На Тоню платили пенсию за погибшего отца, на эти деньги купили избу в Пошехонском районе. Тоня каждый день ходила в школу за восемь километров в Покров-Рогули, работала в колхозе за трудодни, которых у неё оказалось больше других – 300. Окончив десятилетку, поступила в Рыбинский педагогический институт на физмат.
– Почему стала учителем? Так очень нравились мне учителя, на селе это были самые уважаемые люди. Даже когда в сельмаг привозили материю, сначала продавали её учителям. Все понимали, что они должны одеваться красиво...
В пошехонский колхоз приезжали с шефской помощью работники Рыбинского завода гидромеханизации. Молодой электрик Володя Гусев сразу приметил высокую красивую девушку с чуть раскосыми глазами и чёрными кудрявыми волосами. Да и Тоне нравился этот парень из ленинградской семьи. Под Лениградом погиб его отец, и Володя остался за старшего, помогая матери поднимать двух младших братьев. Тогда кормились лесом, его дарами.
Они дружили пять лет, Тоня три с половиной года ждала его из армии.
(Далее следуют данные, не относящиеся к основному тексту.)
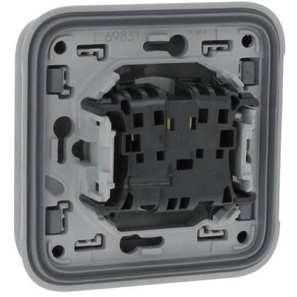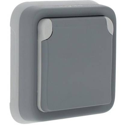 Розетка «евро» французский стандарт, со шторками, IP55, скрытой проводки, серая
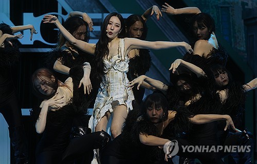 | ▲ K-pop soloist Sunmi performs her new single "Stranger" during a media showcase for the album in Seoul on Oct. 17, 2023. (Yonhap) |
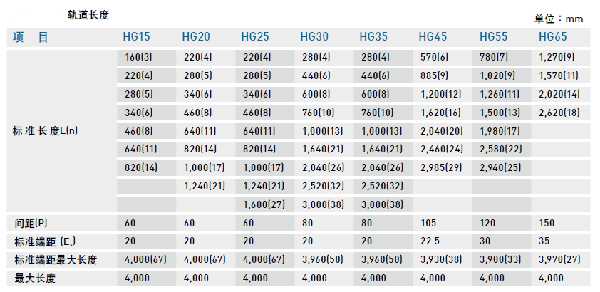 單支導(dǎo)軌標(biāo)準(zhǔn)長(zhǎng)度及最大長(zhǎng)度
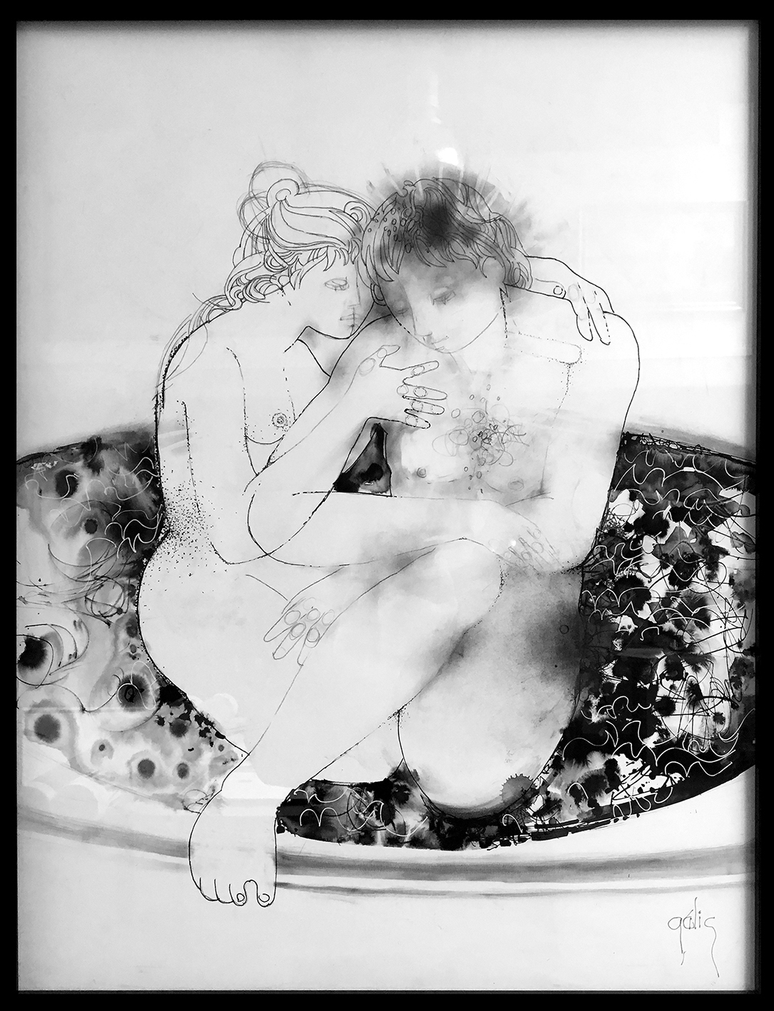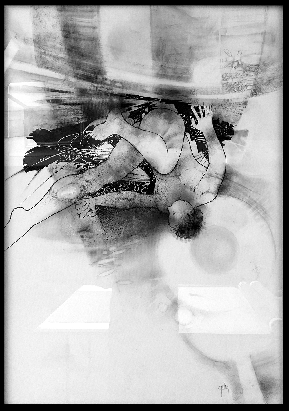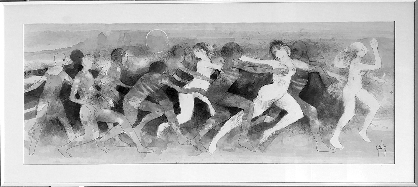 En 2017, peu avant Noël, comme un cadeau, c’est à la galerie Le Garage, que le peintre se révèle un dessinateur sorcier avec, notamment, de fameux dessins à la plume, technique présentée il y a cinquante ans en Allemagne et en Hollande mais jamais en France. Cette fois, Gélis y privilégie le vif au moelleux. Quelques mots à propos de ces œuvres de grand format à la Breughel, parfois péchés capitaux et capiteux, méconnus et saisissants, secrètement couvées à l’abri de ses toiles solaires : « Ce sont des crobars que je fais depuis des années et c’est le moment de les montrer. C’est presque du surréalisme, le contrepoint de l’air et de l’eau qui sont mes thèmes de prédilection. J’y joue beaucoup sur les regards. » Et Gélis d’expliquer comment il crée ces œuvres méconnues et saisissantes : « Je mets un mois pour un dessin. Je prends le temps. Je ne veux pas trop le fatiguer. Pour moi, ce sont des dessins de sculpteur. »

– Свадьба? Был маленький столик – Володя получил аванс, а потом пошли в кино.
Тоня защитила диплом – и в роддом. Сын родился, Владислав. Однокурсников по распределению отправили в Читу, а Тоне дали направление в Сретенскую школу. Мама продала дом в Пошехонье и приехала к дочери, чтобы помогать с сынишкой. Володя тогда жил в Рыбинске – нужно было окончить вечернюю школу, а потом перебрался к семье в учительский дом и устроился в школу обслуживать дизель-генератор. Поступил в педагогический на историю, учился заочно и работал в школе села Михайловского учителем физкультуры. Вскоре в эту школу пригласили и Антонину Николаевну.
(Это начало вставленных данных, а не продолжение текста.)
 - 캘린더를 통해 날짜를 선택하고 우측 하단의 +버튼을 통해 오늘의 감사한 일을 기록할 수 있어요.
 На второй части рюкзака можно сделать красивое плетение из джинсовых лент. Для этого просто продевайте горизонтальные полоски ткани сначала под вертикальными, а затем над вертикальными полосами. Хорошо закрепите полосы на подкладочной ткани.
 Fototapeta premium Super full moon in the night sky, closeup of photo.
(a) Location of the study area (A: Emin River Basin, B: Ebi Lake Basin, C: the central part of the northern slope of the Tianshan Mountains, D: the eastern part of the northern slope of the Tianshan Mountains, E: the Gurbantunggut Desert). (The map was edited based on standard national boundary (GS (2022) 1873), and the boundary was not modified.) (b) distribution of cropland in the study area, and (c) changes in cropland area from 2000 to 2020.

Под новый год деревянная школа сгорела. Директора сняли, но никто не хотел ехать на пепелище, взваливать на себя ответственность за полторы сотни сельских детей. Учителя тогда решили: пусть будет директором Антонина, их двое с Зиновьичем – так в округе с любовью звали Владимира Гусева. Они справятся! Так и стала она директором. Было страшновато, но тогда зампредседателя райисполкома, человек военный, сказал: если, мол, берёшься за эту битву, я тебе помогу. Школу строили всем миром, обживали, сооружали печи, а позже выстроили кочегарку.
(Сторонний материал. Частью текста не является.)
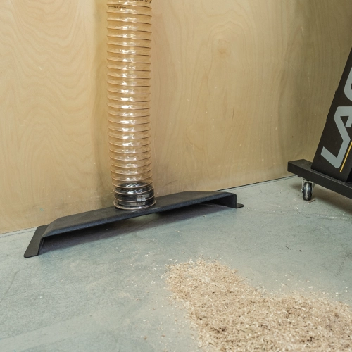 Odsávací koncovka na podlahu je levné řešení odsávání, čištění a úklidu na podlaze. Koncovka je navržena speciálně pro malé dílny nebo ke strojům, které nemají vlastní odsávání a třísky padají volně za zem. Koncovka funguje jako sběrné místo, ke kterému je třeba odpad namést. Koncovka se snadno připevní k podlaze oboustrannou lepicí páskou a napojí na odsávací hadici průměru 100mm.
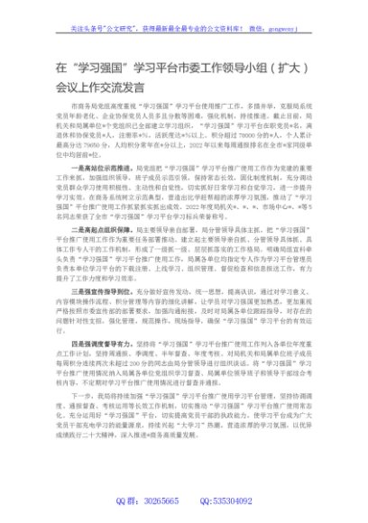 在“学习强国”学习平台市委工作领导小组(扩大)会议上作交流发言
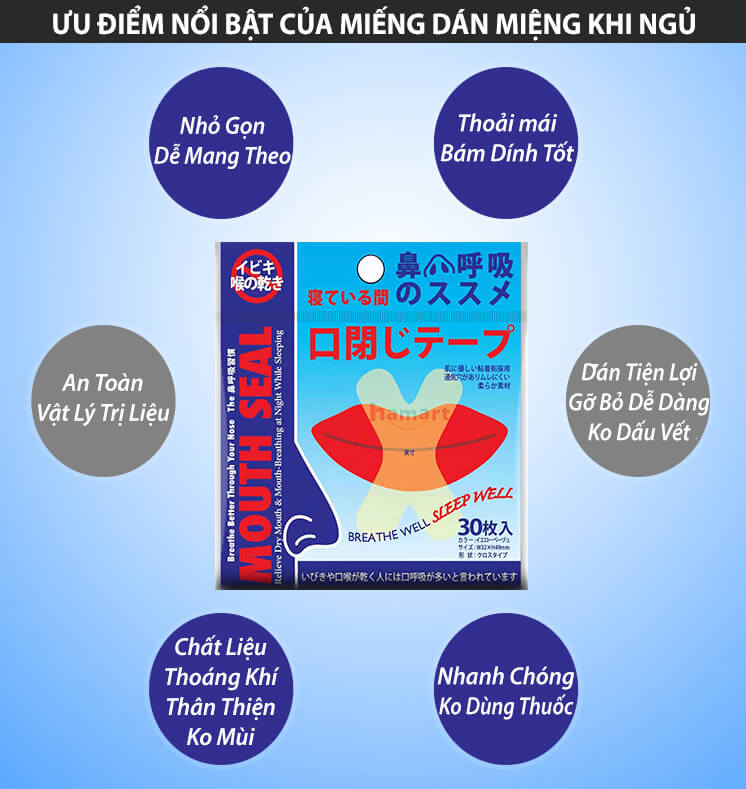 Thở bằng miệng khi ngủ là 1 tật xấu gây ảnh hưởng đến sức khỏe, hoạt động của phổi, giảm nồng độ oxy trong máu, viêm họng, bệnh lý về răng miệng Nó còn gây ảnh hưởng về mặt thẩm mỹ như hô hàm trên, cằm lẹm Google với từ khoá thở bằng miệng khi ngủ bạn sẽ thấy nhiều thông tin nói về tác hại của thói quen này Miếng dán miệng khi ngủ MOUTH SEAL chính là giải pháp - giúp bạn có thể khép miệng lại khi ngủ, giúp giảm tình trạng khô cổ họng, giảm ngáy do thở bằng miệng, quan trọng nhất là tạo dần thói quen thở bằng mũi tốt cho sức khoẻ & thẩm mỹ ĐẶC ĐIỂM NỔI BẬT:
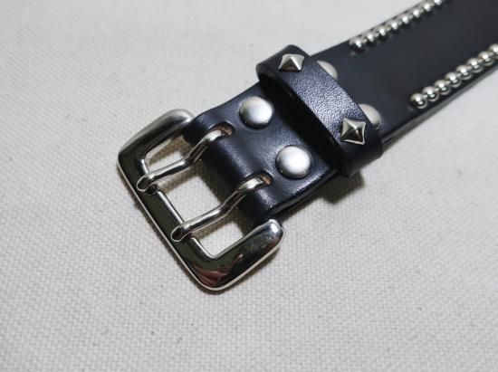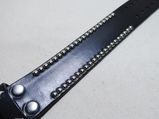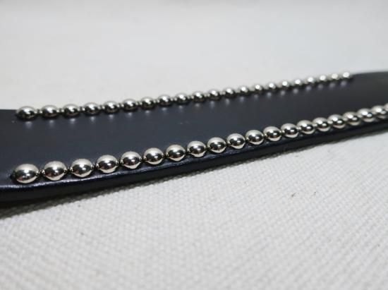 貴重なUKサドルレザーを使用し、お客様のご希望でスタッズはニッケル(銀色)を使用。
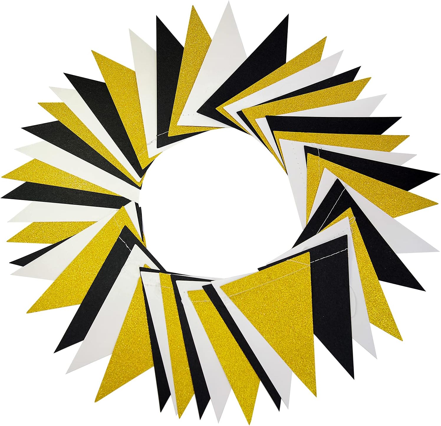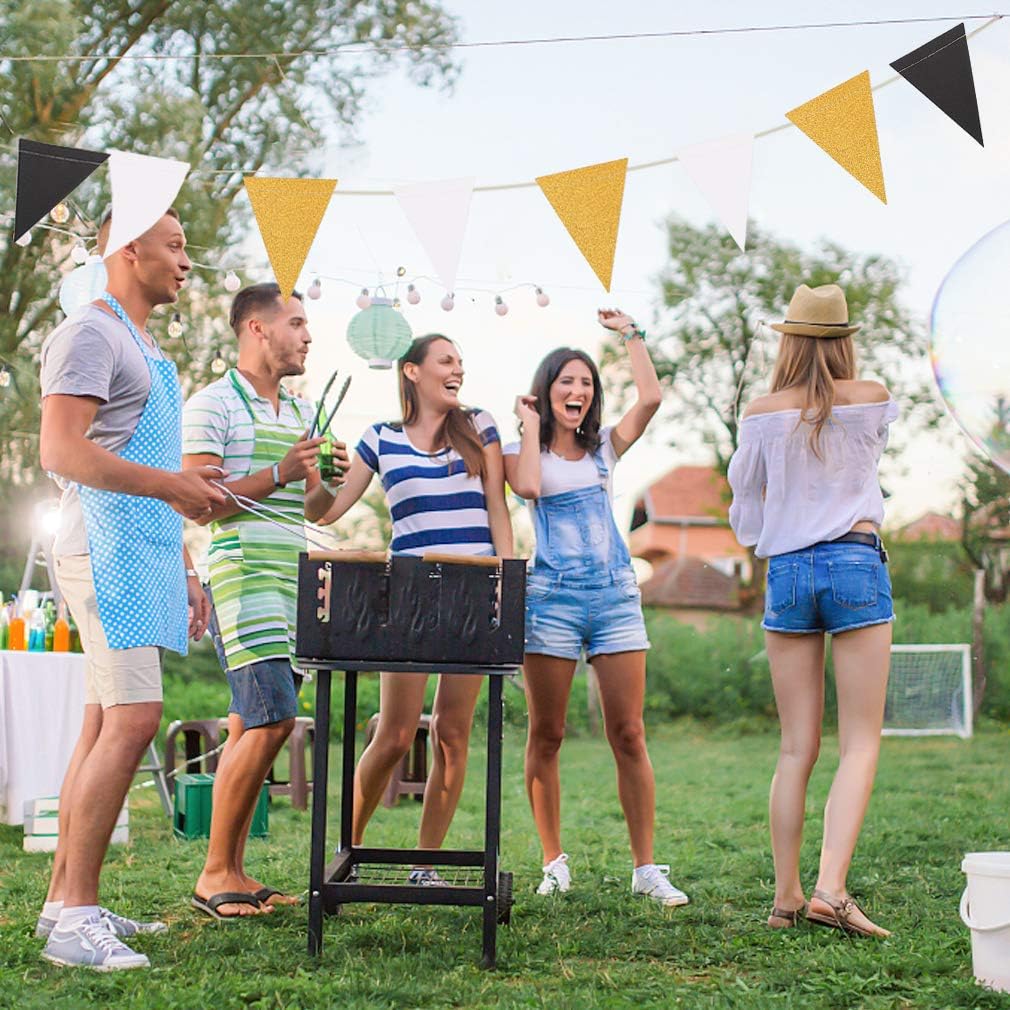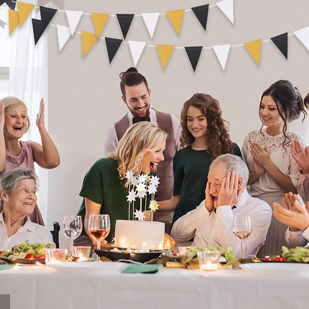 MerryNine Triangle Flag Bunting Banner, 3 Pack 30 Feet Vintage Style Pennant Banner for Wedding, Baby Shower, Event & Party Supplies 45pcs Flags (Triangle Flag - Black White Gold Glitter)
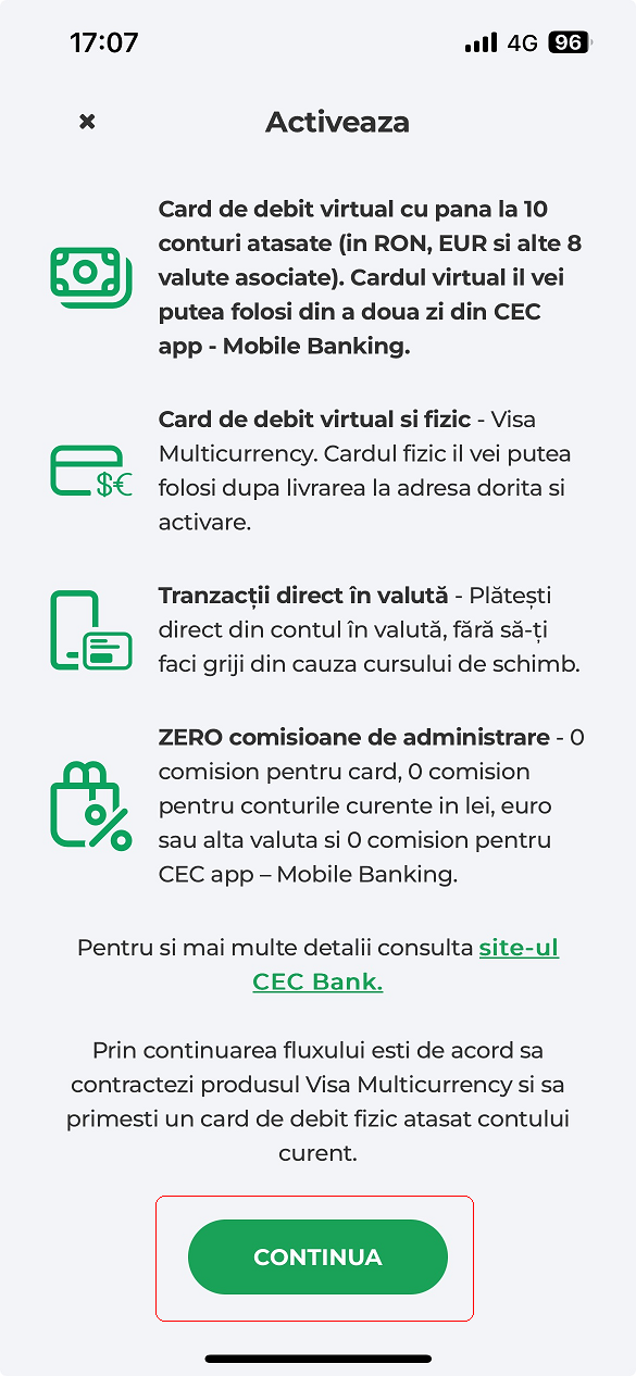 - clienților CEC Bank existenți, care au posibilitatea activării serviciului de Mobile Banking.

В 1967-м она носила под сердцем двойняшек. Этого события ждали и в школе, и в селе. Очень уважали в Михайловском семью Гусевых. А когда родились два сына, в их честь дети и учителя высадили у школы целую аллею берёз.
Тонина мама строгая была, уклад был суров – до работы Тоне нужно переделать все дела, подоить корову, намыть пол в избе, чтобы дети жили в чистоте. Володя стирал на речке пелёнки, а ночью вставал к малышам, чтобы дать Тоне поспать.
Вместе с Зиновьичем они отработали в школе по сорок лет. Он умер и не застал тех времён, когда малокомплектную Михайловскую школу закрыли. Очень боялись селяне, что продадут здание, а новые хозяева устроят там кабак, и настояли на том, чтобы отдали школу под культурный центр. Так и вышло.
И теперь каждую неделю спешит Антонина Николаевна в бывшую школу, чтобы повечерять с селянками за шитьём да вязаньем, за разговорами, а в сентябре непременно участвовать в выставке, которая собирает садоводов-огородников. Вот уж где можно поучить и поучиться, позаимствовать новые сорта, поделиться рецептами домашних заготовок и забыться, уйти от тоски по любимому своему Зиновьичу.
Сыновья выросли, старший с матерью – в Михайловском, младшие приезжают из города. Ребята мастеровые, большой дом содержится в порядке. Недавно по федеральной программе ремонта жилья для ветеранов поставили в доме электрический котёл – очень дорого покупать дрова да уголь. А у сельского учителя – льгота от государства на оплату электроотопления.
– Чего ж не жить! Провели водопровод, купили стиральную машину-автомат. Вся тяжёлая работа – на бытовой технике, – говорит Антонина Николаевна. – Вода холодная? Умывальник поставили с подогревом. Ребята собираются купить лебёдку, чтобы пахать участок, так с пенсии непременно помогу деньгами. Пенсия сейчас больше, чем у многих зарплата: хватает и на лекарства и отложить есть что.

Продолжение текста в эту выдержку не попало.